AWS Glue Visual Job API - AWS Glue

AWS Glue Visual Job API

AWS Glue provides an API that allows customers to create data integration jobs using the AWS Glue API from a JSON object that represents a visual step workflow. Customers can then use the visual editor in AWS Glue Studio to work with these jobs.

For more information on Visual Job API data types, see Visual Job API.

API design and CRUD APIs

The CreateJob and UpdateJob APIs now support an additional optional parameter, codeGenConfigurationNodes. Providing a non-empty JSON structure for this field will result in the DAG being registered in AWS Glue Studio for the created job and the associated code being generated. A null value or empty string for this field on job create will be ignored.

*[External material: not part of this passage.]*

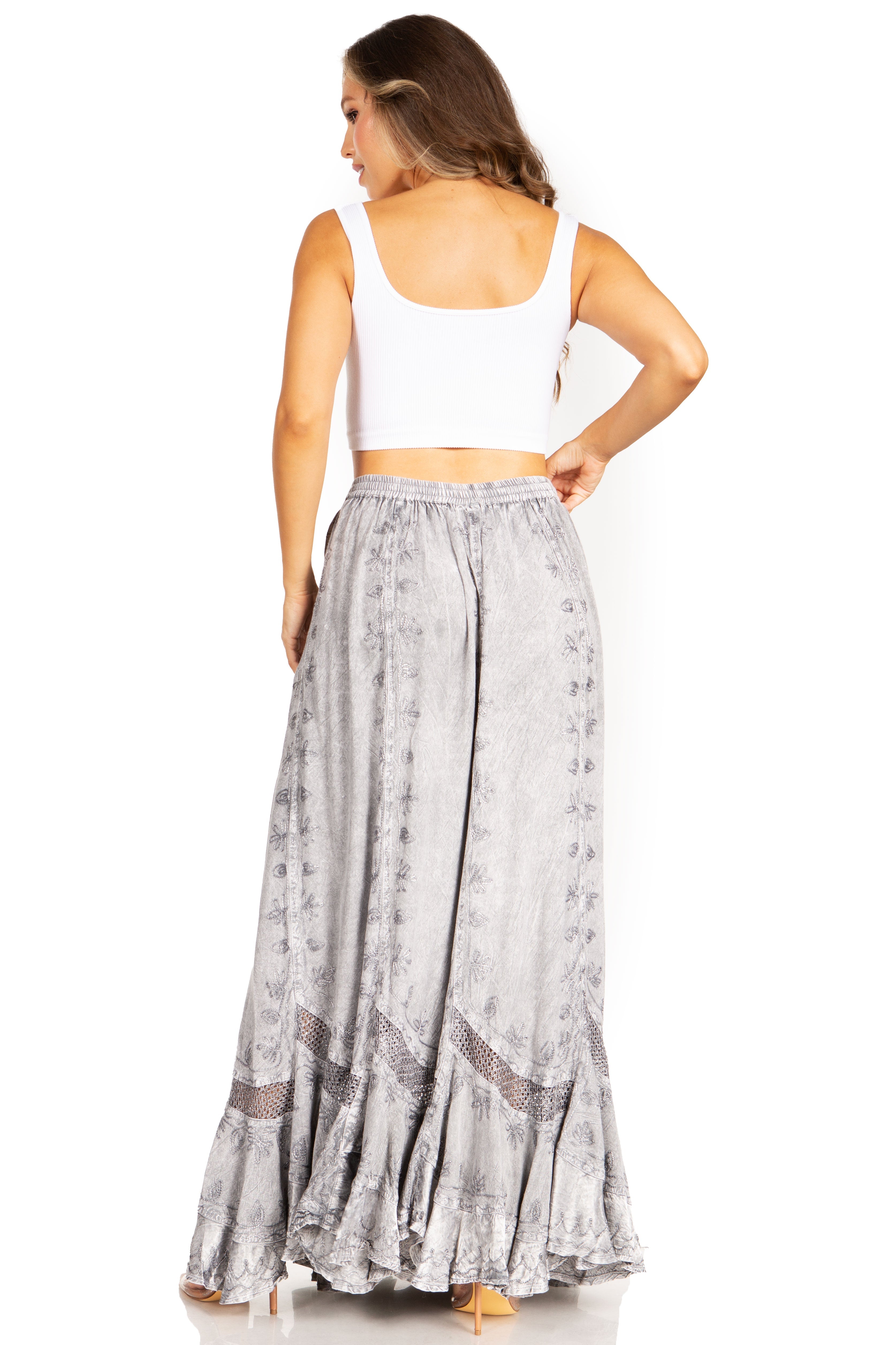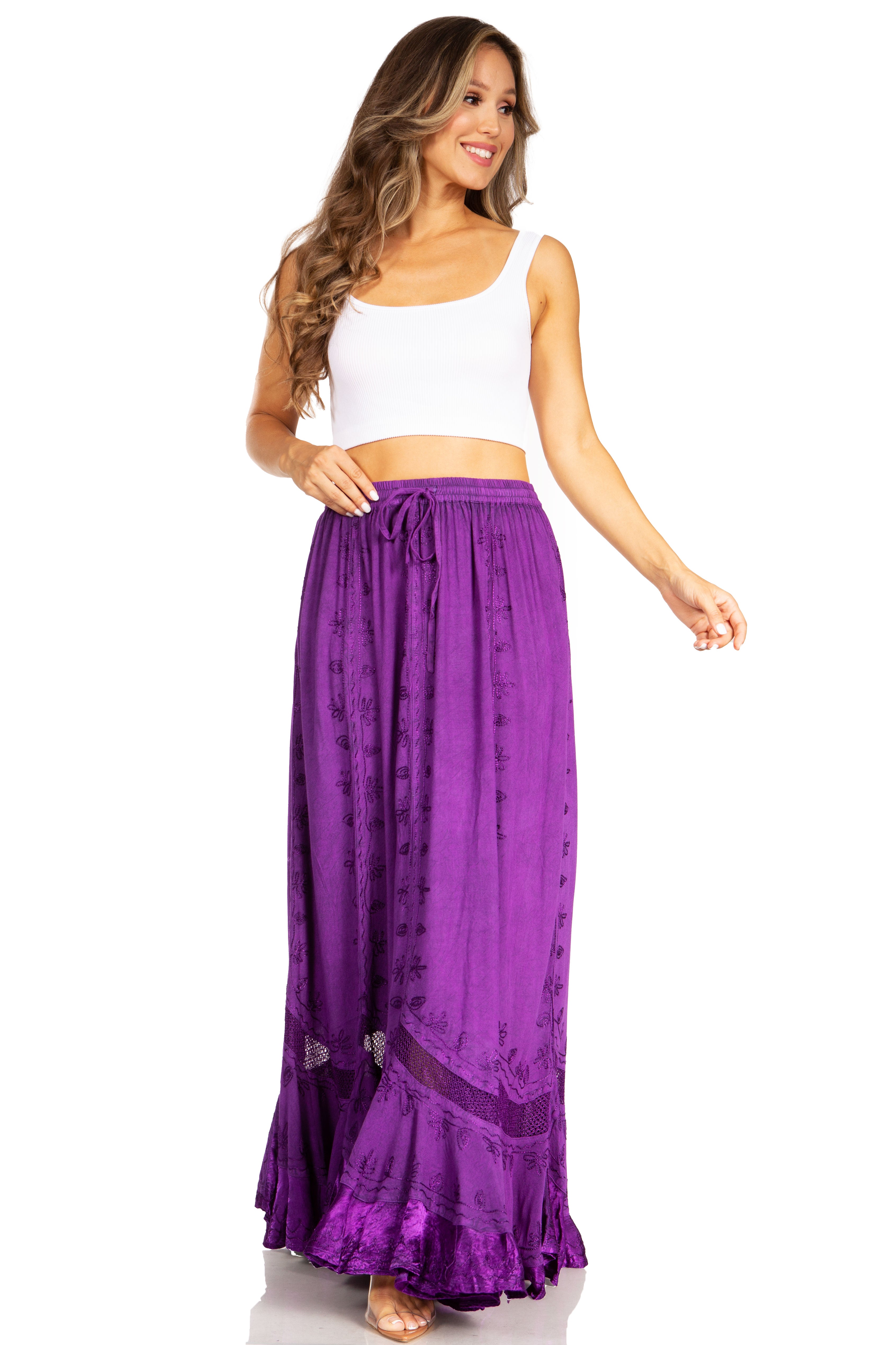 Sakkas Ivy Second Women's Maxi Boho Elastic Waist Embroidered A Line Long Skirt

Updates to the codeGenConfigurationNodes field will be done through the UpdateJob AWS Glue API in a similar way as CreateJob. The entire field should be specified in UpdateJob where the DAG has been changed as desired. A null value provided will be ignored and no update to the DAG would be performed. An empty structure or string will cause the codeGenConfigurationNodes to be set as empty and any previous DAG removed. The GetJob API will return a DAG if one exists. The DeleteJob API will also delete any associated DAG.

Getting started

To create a job, use the CreateJob action . The CreateJob request input will have an additional field ‘codeGenConfigurationNodes’ where you can get specify the DAG object in JSON.

Things to keep in mind:

  • The ‘codeGenConfigurationNodes’ field is a map of nodeId to node.

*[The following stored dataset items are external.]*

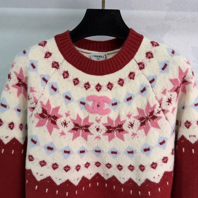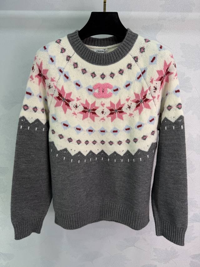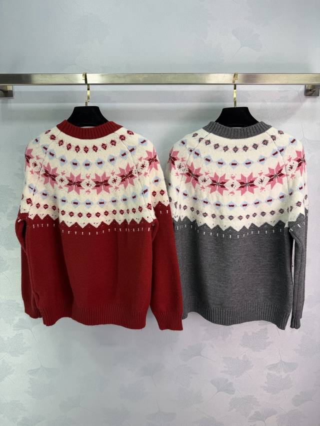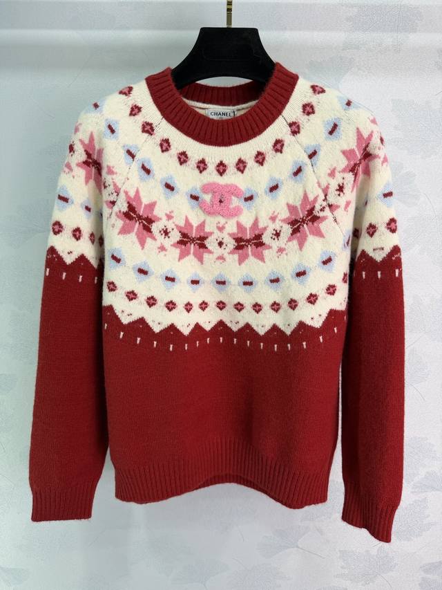 Ch*25 Autumn/Winter New Fair Isle Style Jacquard Sweater. Classic Nordic design, snowflake and geometric patterns create a wonderful atmosphere. Custom-made yarn is soft, skin-friendly, and warm. The color-blocking design is both retro and fashionable, exuding a festive vibe. Perfect for everyday wear or parties! 2 colors, 3 sizes: S, M, L, T226B. DDD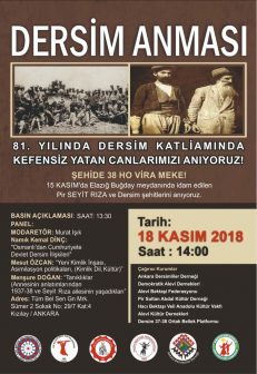 Ankara Dersimliler Derneği, Demokratik Alevi Dernekleri, Alevi Bektaşi Federasyonu, Pir Sultan Abdal Kültür Derneği, Hacı Bektaşi Veli Anadolu Kültür Vakfı, Alevi Kültür Dernekleri, Dersim 37-38 Ortak Bellek Platformu yaptıkları ortak çağrı ile 18 Kasım’da saat 13.30’da Tüm Bel-Sen Genel Merkezinde basın açıklaması gerçekleştirecek.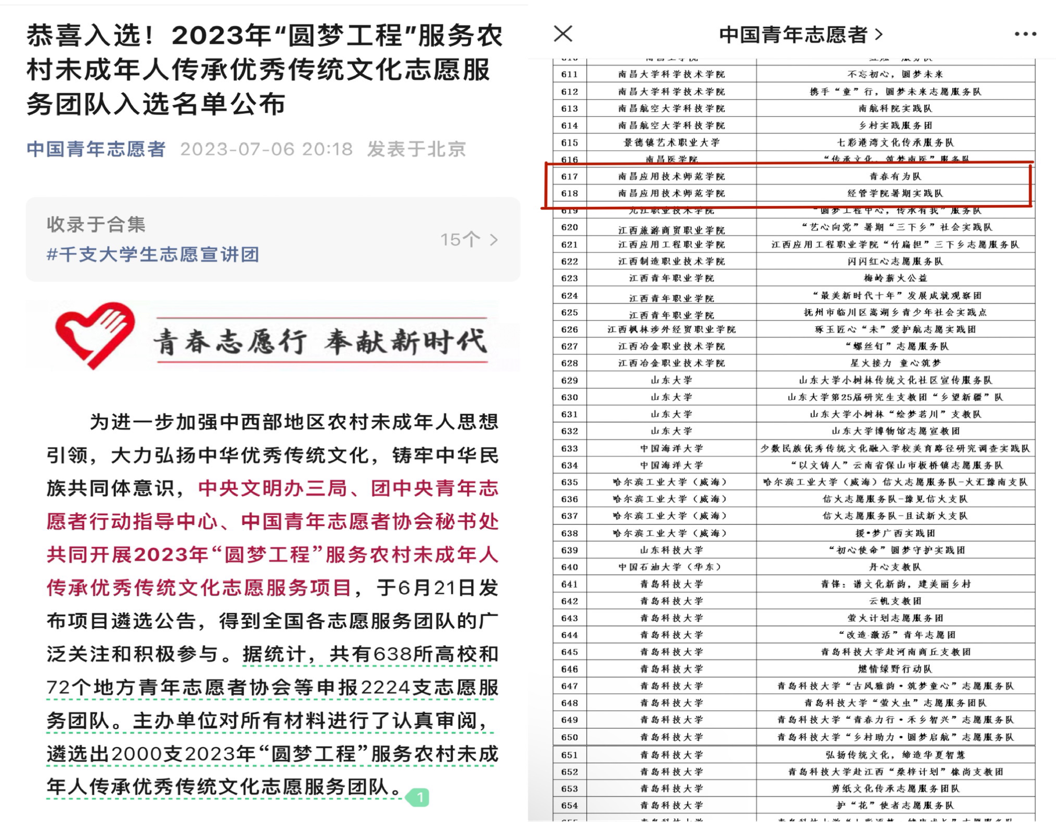 喜报|beat365英国官方网站暑期“三下乡”实践队入选2023年“圆梦工程”服务农村未成年人传承优秀传统文化志愿服务团队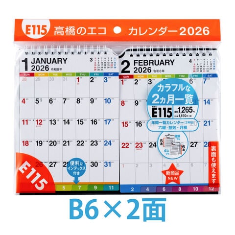高橋書店 2026年版 1月始まり カレンダー 2026 エコカレンダー壁掛・卓上兼用B6×2面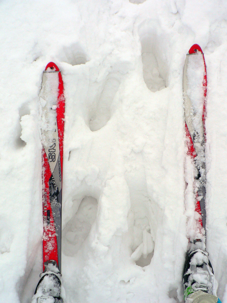 Od Košariska už je to komfort, tyče sú a hlavne: vidno od jednej k druhej :-) Pod Skalkou niekto lyžoval, zrazu mám aj pre lyže stopu, ale teším sa krátko. Spoza stromu najprv pes („Lidi nežere, jenom nechce uhýbat.“), potom päť borcov. Lebo idú na pešo a boria sa po kolená. Vraj sú zvyknutí... Ale ako tá stopa vyzerá... Našťastie kôrka drží, šmýkam povedľa. Spoločnosť mi robí jemný severáčik s arómou ružomberskej celulózky :-)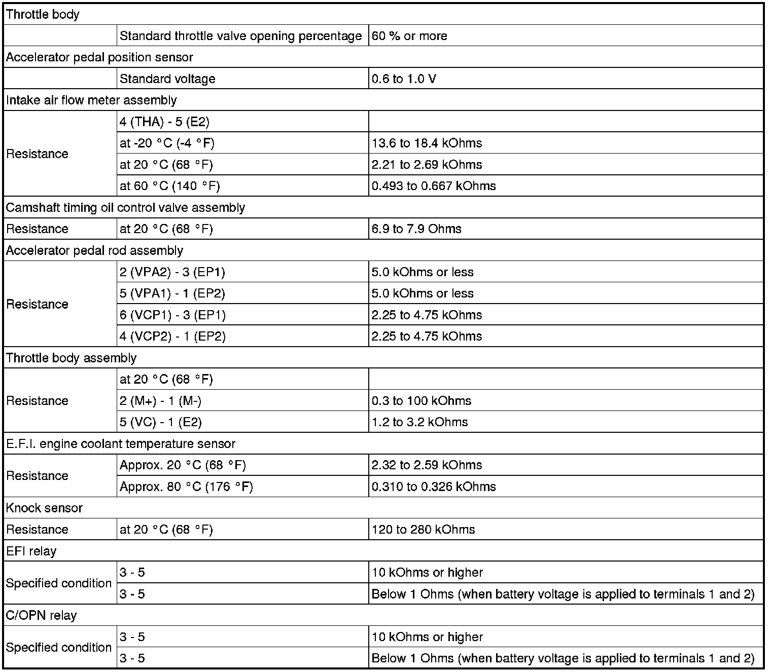 SERVICE SPECIFICATIONS: 2AZ-FE ENGINE CONTROL SYSTEM: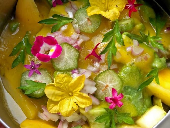 Centuries ago, when the humble tiffin carried the on-the-go meals of dusty travellers, it probably never imagined that its descendants would one day hold a starfruit and mango ceviche garnished with edible flowers – a dish that would look right at home on any starched white tablecloth.

  • Each node begins with a key identifying what kind of node it is.

  • There can only be one key specified since a node can only be of one type.

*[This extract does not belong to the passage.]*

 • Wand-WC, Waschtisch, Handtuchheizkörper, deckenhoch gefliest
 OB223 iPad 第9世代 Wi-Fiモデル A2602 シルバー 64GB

  • The input field contains the parent nodes of the current node.

The following is a JSON representation of a CreateJob input.

{ "node-1": { "S3CatalogSource": { "Table": "csvFormattedTable", "PartitionPredicate": "", "Name": "S3 bucket", "AdditionalOptions": {}, "Database": "myDatabase" } }, "node-3": { "S3DirectTarget": { "Inputs": ["node-2"], "PartitionKeys": [], "Compression": "none", "Format": "json", "SchemaChangePolicy": { "EnableUpdateCatalog": false }, "Path": "", "Name": "S3 bucket" } }, "node-2": { "ApplyMapping": { "Inputs": ["node-1"], "Name": "ApplyMapping", "Mapping": [ { "FromType": "long", "ToType": "long", "Dropped": false, "ToKey": "myheader1", "FromPath": ["myheader1"] }, { "FromType": "long", "ToType": "long", "Dropped": false, "ToKey": "myheader2", "FromPath": ["myheader2"] }, { "FromType": "long", "ToType": "long", "Dropped": false, "ToKey": "myheader3", "FromPath": ["myheader3"] } ] } } }

Updating and getting jobs

Since UpdateJob will also have a ‘codeGenConfigurationNodes’ field, the input format will be the same. See UpdateJob Action.

The GetJob action will return a ‘codeGenConfigurationNodes’ field in the same format as well. See GetJob Action.

Visual job limitations

Since the ‘codeGenConfigurationNodes’ parameter has been added to existing APIs, any limitations in those APIs will be inherited. In addition, the codeGenConfigurationNodes and some nodes will be limited in size. See Job Structure for more information.